## GOAL OF THE EXERCISE
For the listing below, the answer is an exact retyping of the lines from the one with "I Militari nella" through the one with "Analysis Workspace: Anomaly", both included, without pictures.

## RECORDS TO USE
◆ ◆ ◆ ◆ ◆ ◆ ◆
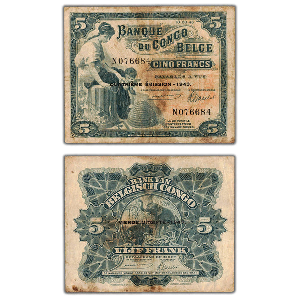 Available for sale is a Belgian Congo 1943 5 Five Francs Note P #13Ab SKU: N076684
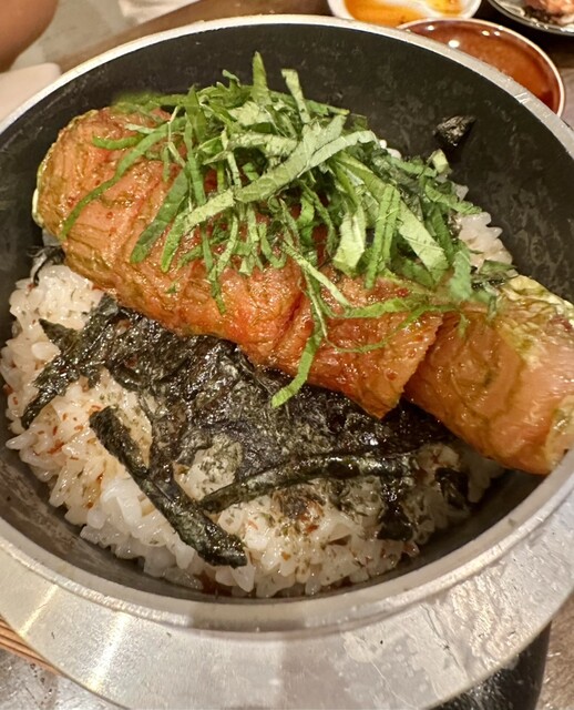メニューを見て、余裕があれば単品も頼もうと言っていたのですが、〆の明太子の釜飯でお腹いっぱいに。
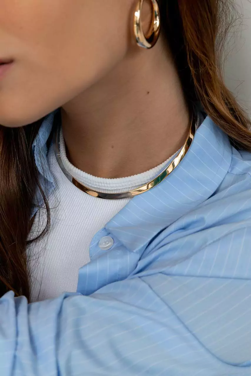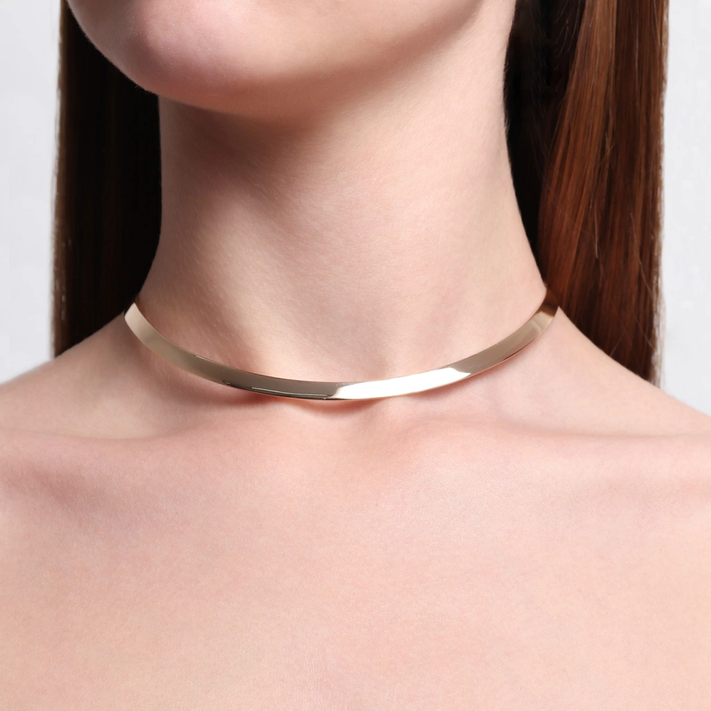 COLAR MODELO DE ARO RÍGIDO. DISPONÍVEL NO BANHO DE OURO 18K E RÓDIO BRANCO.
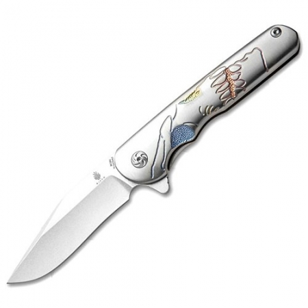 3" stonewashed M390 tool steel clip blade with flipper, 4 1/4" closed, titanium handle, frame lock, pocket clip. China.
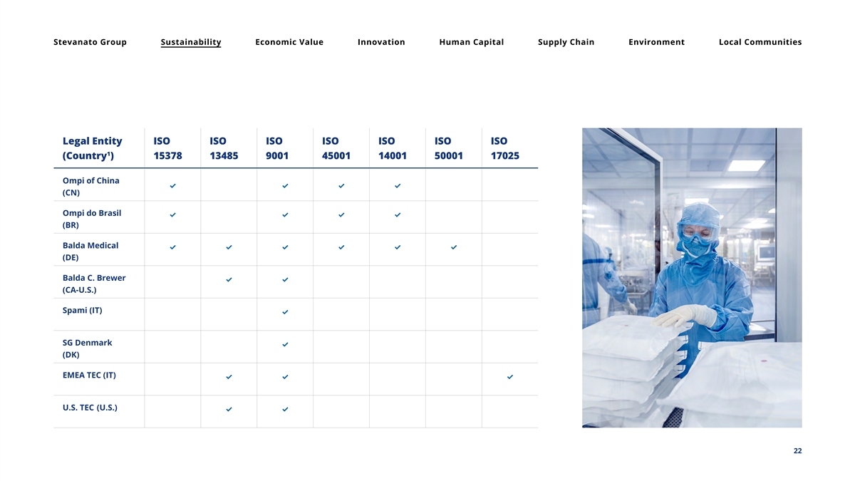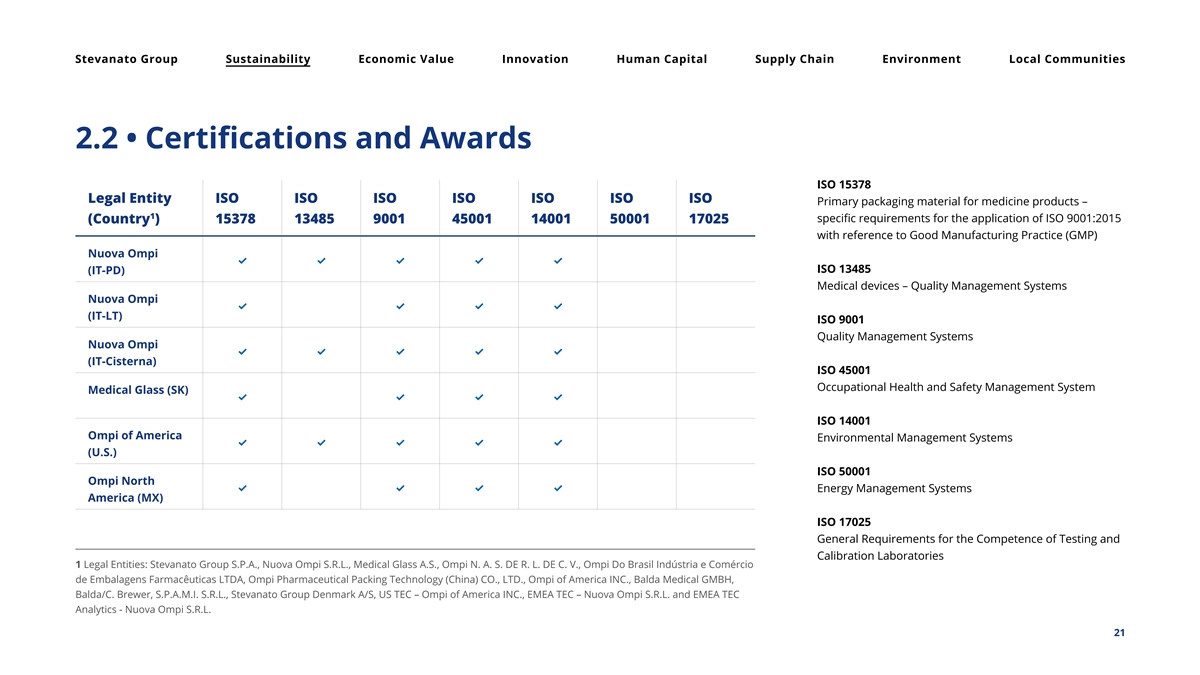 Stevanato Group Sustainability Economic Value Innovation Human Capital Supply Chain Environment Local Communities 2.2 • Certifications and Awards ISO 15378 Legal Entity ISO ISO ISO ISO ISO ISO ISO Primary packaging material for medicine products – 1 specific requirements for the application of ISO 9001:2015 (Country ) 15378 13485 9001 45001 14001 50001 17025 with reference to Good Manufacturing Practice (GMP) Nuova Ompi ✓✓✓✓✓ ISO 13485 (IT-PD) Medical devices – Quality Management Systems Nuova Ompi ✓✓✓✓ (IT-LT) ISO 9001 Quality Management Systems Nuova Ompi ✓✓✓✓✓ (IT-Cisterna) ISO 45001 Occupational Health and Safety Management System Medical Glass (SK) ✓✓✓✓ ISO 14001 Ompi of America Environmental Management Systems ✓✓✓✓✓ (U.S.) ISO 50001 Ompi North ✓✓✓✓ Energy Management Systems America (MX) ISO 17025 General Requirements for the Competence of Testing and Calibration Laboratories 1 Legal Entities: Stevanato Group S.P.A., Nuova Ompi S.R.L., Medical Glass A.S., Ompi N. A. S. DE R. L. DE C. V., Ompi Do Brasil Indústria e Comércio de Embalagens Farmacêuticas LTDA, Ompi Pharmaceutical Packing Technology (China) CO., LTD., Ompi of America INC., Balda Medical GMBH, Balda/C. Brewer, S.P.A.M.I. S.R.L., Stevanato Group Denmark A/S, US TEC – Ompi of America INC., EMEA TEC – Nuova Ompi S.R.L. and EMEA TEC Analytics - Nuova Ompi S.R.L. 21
◆ ◆ ◆ ◆ ◆ ◆ ◆
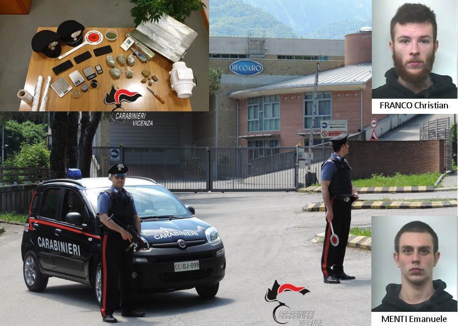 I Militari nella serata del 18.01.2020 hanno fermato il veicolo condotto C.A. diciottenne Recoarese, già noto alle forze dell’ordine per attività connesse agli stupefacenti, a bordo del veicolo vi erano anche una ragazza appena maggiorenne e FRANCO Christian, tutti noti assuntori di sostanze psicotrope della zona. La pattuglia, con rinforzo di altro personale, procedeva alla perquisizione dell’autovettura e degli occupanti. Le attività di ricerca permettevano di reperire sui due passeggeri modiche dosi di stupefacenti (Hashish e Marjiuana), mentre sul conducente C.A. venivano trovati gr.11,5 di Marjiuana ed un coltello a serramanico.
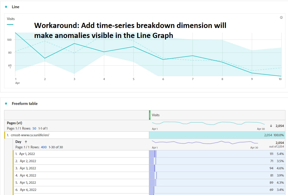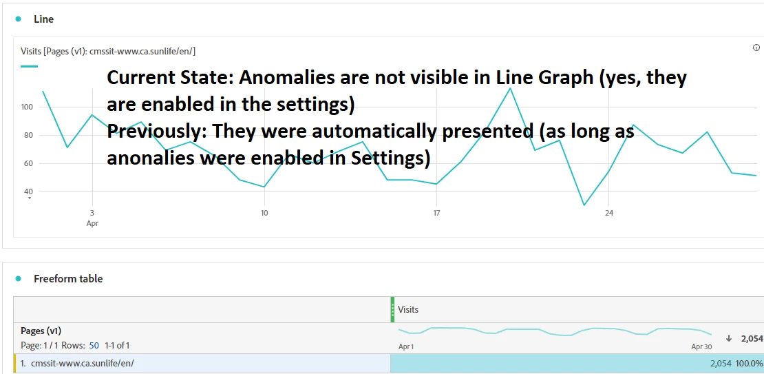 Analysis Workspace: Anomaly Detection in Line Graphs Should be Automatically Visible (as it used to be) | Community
◆ ◆ ◆ ◆ ◆ ◆ ◆
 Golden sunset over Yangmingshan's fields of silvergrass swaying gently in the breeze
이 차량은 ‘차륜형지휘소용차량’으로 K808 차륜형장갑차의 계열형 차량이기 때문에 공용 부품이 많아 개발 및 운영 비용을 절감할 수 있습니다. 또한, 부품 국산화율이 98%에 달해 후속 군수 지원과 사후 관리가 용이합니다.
◆ ◆ ◆ ◆ ◆ ◆ ◆
## ANSWER FOR THE TASK
 I Militari nella serata del 18.01.2020 hanno fermato il veicolo condotto C.A. diciottenne Recoarese, già noto alle forze dell’ordine per attività connesse agli stupefacenti, a bordo del veicolo vi erano anche una ragazza appena maggiorenne e FRANCO Christian, tutti noti assuntori di sostanze psicotrope della zona. La pattuglia, con rinforzo di altro personale, procedeva alla perquisizione dell’autovettura e degli occupanti. Le attività di ricerca permettevano di reperire sui due passeggeri modiche dosi di stupefacenti (Hashish e Marjiuana), mentre sul conducente C.A. venivano trovati gr.11,5 di Marjiuana ed un coltello a serramanico.
 Analysis Workspace: Anomaly Detection in Line Graphs Should be Automatically Visible (as it used to be) | Community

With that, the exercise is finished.